Agent Walters buigt zich over het lichaam, een oude vrouw ziet hij.
Hij tast naar haar pols en schrikt zich rot als zij zich plotseling omwendt.
‘SMS… SMS…,’ slist ze, ‘SMS… SMS… mijn schuld… alles…’
Ze wijst naar een mobieltje dat op een graf ligt.
‘Wat bedoelt u, oh, wat bedoelt u, laat me u helpen!’ schreeuwt Walters.
Te laat.
Beide agenten kunnen niet enkel dan wachten op het al te bekende geluid van een sirene.

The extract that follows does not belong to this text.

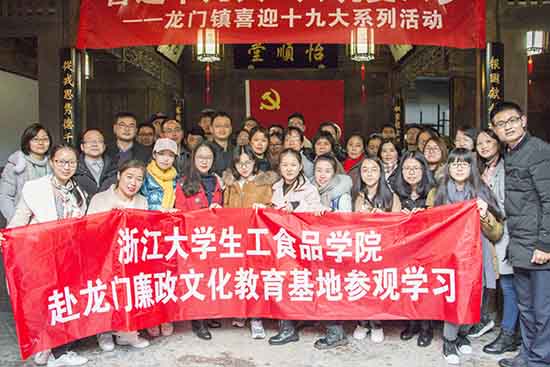 为深入学习贯彻党的十九大精神,推进“两学一做”学习教育常态化制度化,进一步强化党风廉政意识,传承良好家风,12月15日下午,生工食品学院组织纪委委员、教工党支部书记、研究所负责人、系负责人、全体机关工作人员和学生党员骨干前往浙江省廉政文化教育基地——杭州富阳区龙门古镇开展红色教育主题活动。

Freule Elise d’Ettelier was nooit mooi geweest. Ja, haar naam had ze mee, natuurlijk. Franse adel. Verder niets. Grauwharig. Mager. Disco’s durfde ze niet meer in; geen man keek naar haar om. Liever ging ze maar naar lezingen, drie boekhandels bezocht ze regelmatig. En daar zag zij hém! Kort van stuk. Helemaal niet lelijk. Niet schrikwekkend dus! Zou hij haar… ze zag een vrouw naar een man toestappen en vragen: ‘Heeft u de nieuwste vertaling van de “Roebaijjat” al gelezen?’
Elise onthield dat zinnetje: een opsteker voor mannen? Ze hoopte het, oh, wat hoopte ze het, juist voor hém, die korte man, die niet zo schrikbarend was als die lange knappe mannen die tóch niet naar haar omkeken… nu moed vergaren… nu naar hem toegaan… ze was verliefd of meende het te zijn… ‘Heeft u de “Roebaijjat” gelezen?’ sprak ze met iets te luide stem.
De man keek haar aan, glimlachte. ‘Staat vol geouwehoer, hè?’
Even stond ze perplex, daarna hoorde ze zichzelf tot haar verbazing antwoorden: ‘Och, ik vraag maar wat. ’t Klinkt intellectueel.’
Hij lachte smakelijk, zei toen: ’À propos, mijn naam is Bart. De jouwe weet ik al. Zeg, ‘t zijn hier verdomde idioten. Typen die me pisnijdig maken. Kom mee, ergens eten!’
Toch weifelde Elise even – hij klonk zo onvriendelijk…‘Waarom bezoek je dit soort lezingen dan?’
‘Om typetjes als jou te ontmoeten, nu goed?’
Elise vond alles goed.

Ook hun huwelijk, dat van haar en Bart, vond ze heerlijk. Voor zolang het duurde. Al gauw had ze in de gaten dat Bart niet trouw was. Och, dat had ze van een man kunnen verwachten, zij, de grauwe muis, dacht ze vaak cynisch.
En toch, en toch… alles had ze van Bart kunnen verdragen, maar één ding niet: dat waren zijn eeuwige sms’jes, die absurd beledigende korte berichtjes – Kom later. Of: Kom weekeinde niet thuis. Of…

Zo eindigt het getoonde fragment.